De WBS en het WBS-woordenboek zijn ontwikkeld op basis van de reikwijdte van het werk en vormen de basis voor de kwalitatieve en kwantitatieve projectrisicobeoordelingen. De WBS van het CEP bevatte 236 controlerekeningen. Het grootste deel van het werk was uitbesteed aan onderaannemers, en aan sommige onderaannemers waren meerdere control accounts toegewezen.

CAPEX Estimate

De CAPEX-raming is ontwikkeld met de WBS als een van de primaire inputs. De mate van scope-detail die beschikbaar is wanneer de schatting wordt gedaan, bepaalt de methode van schatting wordt bepaald door. Vaak blijkt dat er verschillende nauwkeurigheidsniveaus zijn voor verschillende werkpakketten in de raming. De schattingsmethode en het nauwkeurigheidsniveau van de schatting moeten duidelijk worden gedocumenteerd door de schatter, aangezien deze informatie later zal leiden tot betere onvoorziene berekeningen, aangezien er minder veronderstellingen zullen worden gemaakt.

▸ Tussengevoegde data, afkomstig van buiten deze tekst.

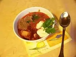 Ukrainian Borshch is a vegetable soup with beetroots as its characteristic ingredient.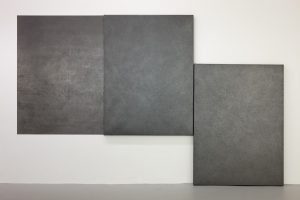 What stands in for these words in the gallery space is a number of pieces which do indeed show use of the materials mentioned. There is graphite used on the wall and on the piece hanging next to it on the same wall. These works are titled Between (cognate #3) and Fascia (structure #66) respectively. There is graphite used also in Fascia (structure #67), which stands up next to these other examples. This third piece which leans up next to the others is covered in paper, and so too is the one hanging nearest to it. The one which uses no paper instead makes its surface the actual wall of the gallery. Each of these pieces is 159 x 119cm. Graphite and diamonds take the same atomic structure, so it’s not surprising that each of these works reveals a metallic sparkle in their finish.
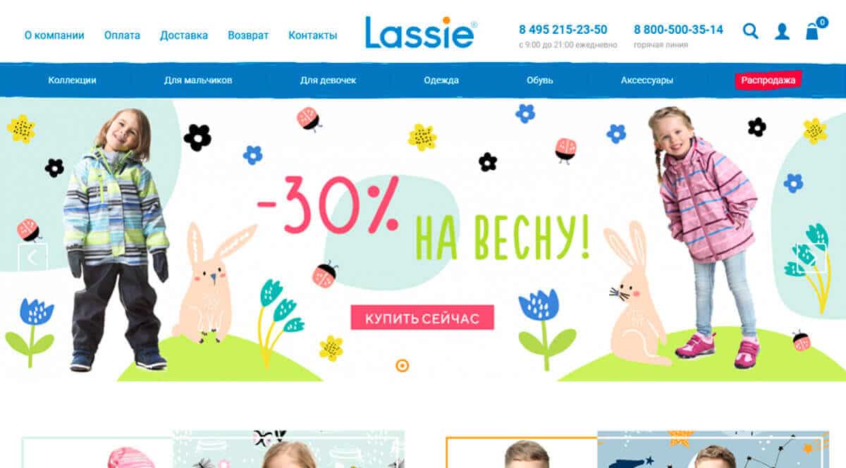 Крупнейший онлайн магазин в России с одеждой для детей и малышей. Вы можете выбрать среди сотен товаров одноименного бренда Lassie. Благодаря большому количеству категорий легко выбрать подходящую вещь для вашего ребенка. Куртки, брюки, кроссовки и кеды для мальчиков. Комбинезоны, комплекты и сандалии для девочек.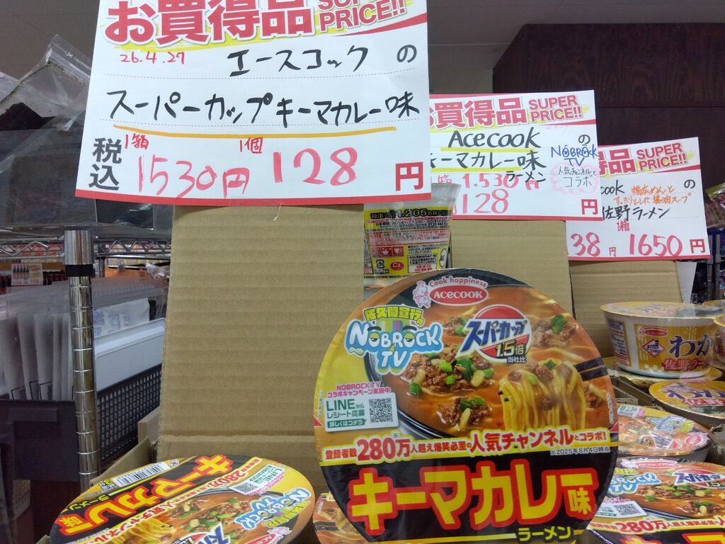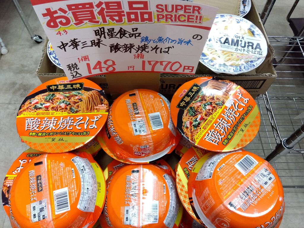 以前お買い得だったカップ麺がと〜っても美味しかったのでリピ買いです(^^)v濃厚味噌バージョンの他に1点だけワンタン中華そばを発見♪楽しみです〜o(^∇^)o♪他にもお買い得で魅力的なカップ麺がもりもりなので要チェックです( ꈍᴗꈍ)♪ (訪問:2026/01/21)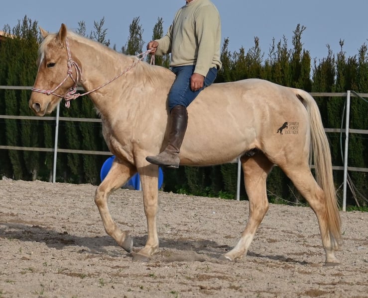 Born in 2020, this American Quarter gelding (full American Quarter Horse Association paper) just blossoms in the sun of Mallorca, where he was born and lives. But he is so much more than just his color! The youngster is a son of the reining stallion JAC WHIZ PINE and his dam is JENNY TUFF BAR, a Buckskin mare who gave him the color gene. Thanks to the hard soils of Mallorca and good breeding, he has super clear legs and is very well tied up. He stands in a robust stance, which makes him very hard-wearing, even in the very changeable weather conditions. He is incredibly centered at work for such a young horse! He stops immediately on a short whoa, whether on the lunge or ridden. Under saddle he already has a lot to offer, which he has proven successfully in regional trail and western competitions, usually even taking first place! He is fearless in the field and courageously strides past everything that makes others shy away. His trusted rider rides him without a saddle, only on a halter and even then he does all the lessons and doesn't show any naughtiness. Thanks to the many competitions and rides, he can be loaded very well, is very willing to be forged and is always on call to work. At currently 156 cm, he is also a good size! He is currently on Mallorca! Videos and pedigree available on request. I would be happy to organize an AKU, riding, transport or even your trip, should you come to see him in person. Details can be found on my website or in conversation. Saludos from Spain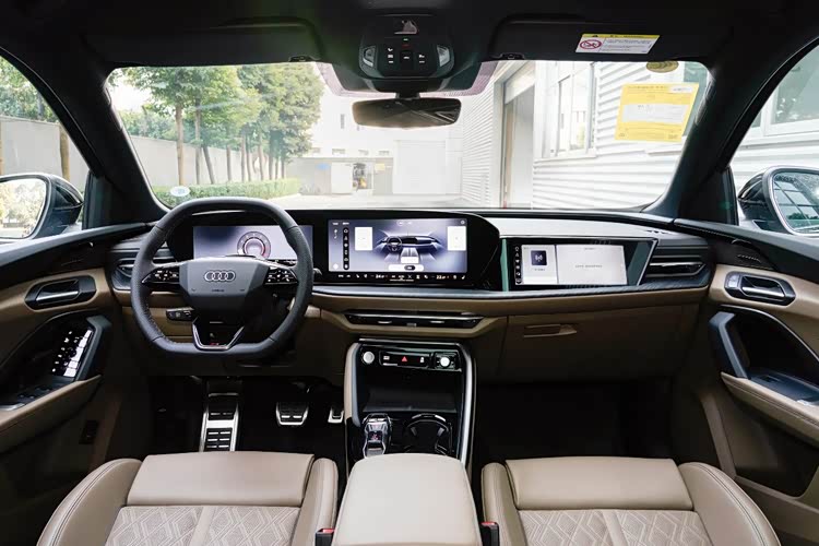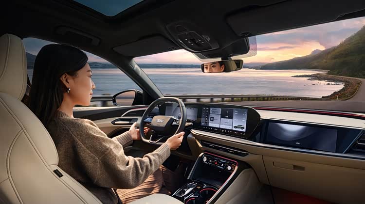 奥迪Q5L内饰采用家族最新设计,线条简洁、层次分明,以软性材质、真皮及金属饰条为主,豪华感符合同级别标准。全系标配11.9英寸仪表+14.5英寸OLED中控屏,内置全域生态系统,集成高德地图、爱奇艺、微信等应用,搭载骁龙芯片保障操作流畅性。智混旗舰型专属10.9英寸副驾娱乐屏,可选装13.1英寸W-HUD抬头显示,投射车速、导航等信息,提升驾驶安全性。座椅为真皮材质,主驾配备电动腰托,前排无线充电、双温区自动空调、30色氛围灯为全系标配,智混旗舰型搭载Bang&Olufsen音响系统(16枚扬声器),具备VNC噪声补偿功能,优化听觉体验。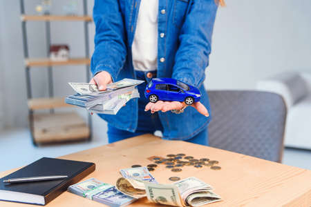 Hands with dollar bundle over car hood. Car sale or car rental concept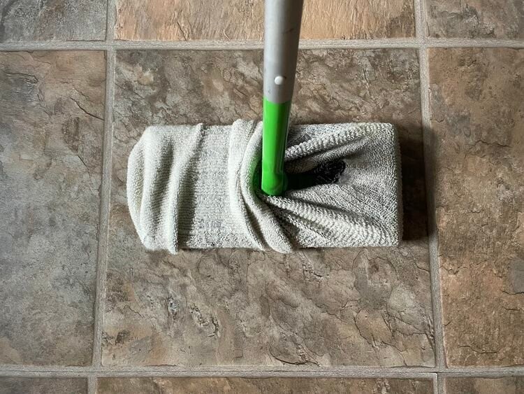 Можно использовать старые носки вместо сменной насадки на швабру для мытья пола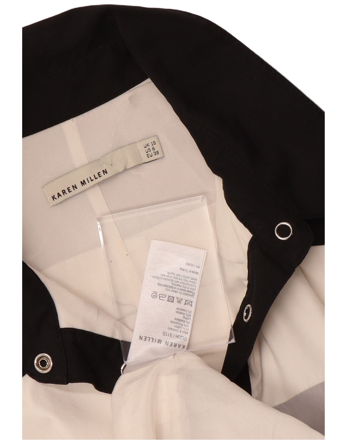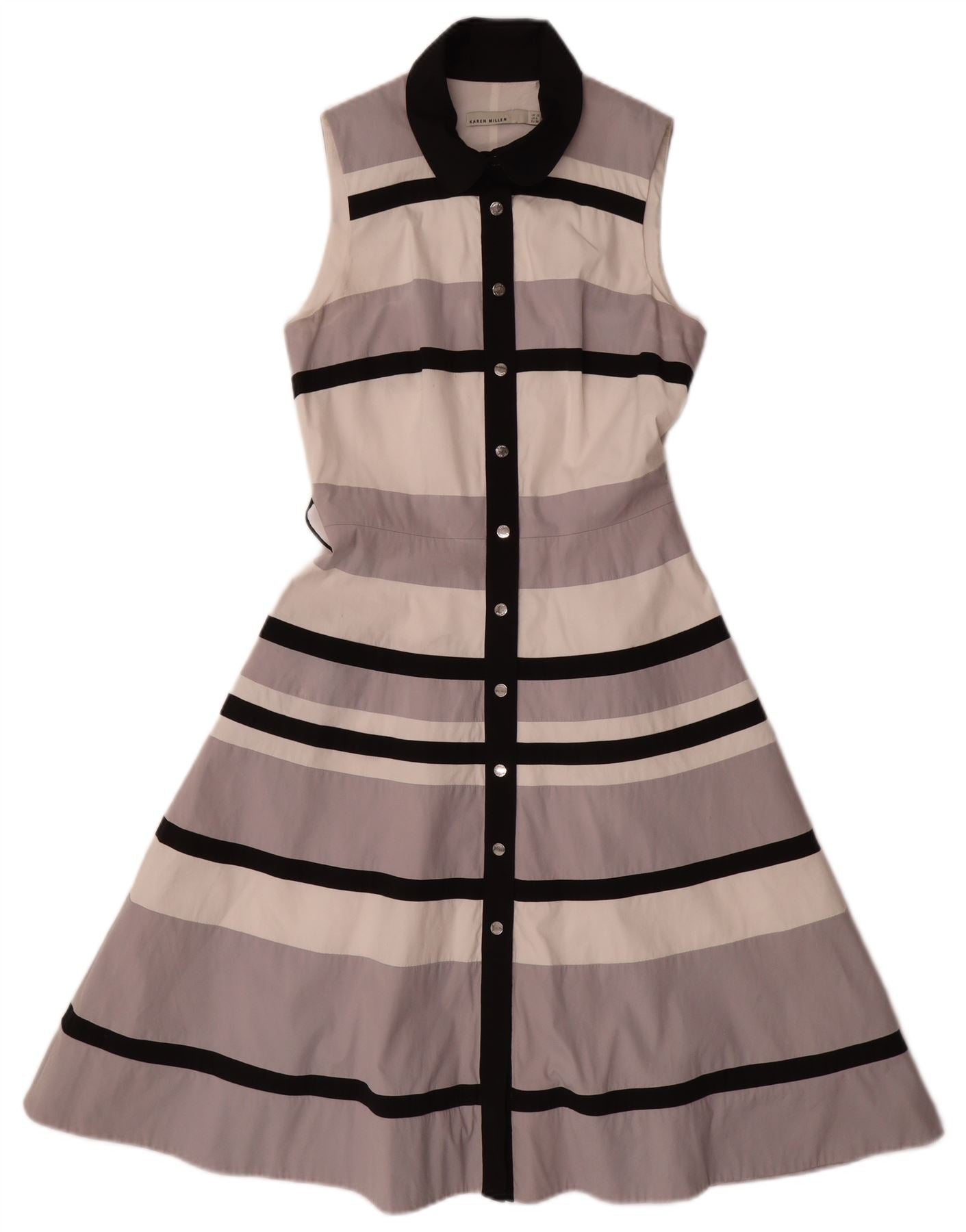 - AI Description: This Karen Millen womens shirt dress is crafted from a woven cotton blend with a hint of elastane. It features a sophisticated multicoloured striped pattern. The collared neckline and button-up front offer a classic silhouette. Its sleeveless design is perfect for warmer days. An empire waist flatters the figure. Practical pockets add functionality. The regular fit ensures comfortable wear for a timeless style.

Een onafhankelijk schattingsbureau heeft de CAPEX voor CEP geschat. Onder ideale omstandigheden had de schatter offertes moeten opvragen voor alle control accounts, maar dit was niet mogelijk door tijdsdruk van de opdrachtgever. De schatter maakte uiteindelijk gebruik van drie technieken om de schatting op te stellen, en gaf de nauwkeurigheidsmarges van elke control account aan op basis van zijn risicobeoordeling van elke post. De geraamde controlerekeningen werden ingedeeld in posten met een hoog (-15% tot +25%), gemiddeld (-10% tot +15%) en laag (-5% tot +5%) risico. De marges waren voornamelijk gebaseerd op de gebruikte ramingsmethode. De onderdelen met een hoog risico werden geschat op basis van de deskundige beoordeling van een vakingenieur, aangezien er voor deze onderdelen geen tekeningen bestonden. De posten met een gemiddeld risico werden geschat op basis van historische informatie van soortgelijke projecten, en waren gewoonlijk gebaseerd op een percentage van het totale projectkapitaal, of op een eenheidstarief (bv. meters pijp, kubieke meters beton, enz.). Onderdelen met een laag risico werden geschat op basis van offertes van onderaannemers, die waren gebaseerd op gedetailleerde ontwerptekeningen.

Projectschema

Het projectschema moet een nauwkeurige afspiegeling zijn van de uitsplitsing van het werkingsgebied in de WBS, en moet idealiter nauwkeurigheidsbereiken hebben voor de schattingen van tijd en inspanning, omdat dit het QRA-proces vereenvoudigt. De puntschattingen in de planning moeten ook vrij zijn van onvoorziene omstandigheden. Als een planning geen ramingsmarges bevat, moeten in een later stadium aannames worden gedaan, wat tot onnauwkeurigheden kan leiden. De planning moet vergezeld gaan van het basis van het planningdocument, dat een beschrijving bevat van hoe de nauwkeurigheidsmarges zijn bepaald, en hoe deze marges zijn toegepast op de taken in de planning.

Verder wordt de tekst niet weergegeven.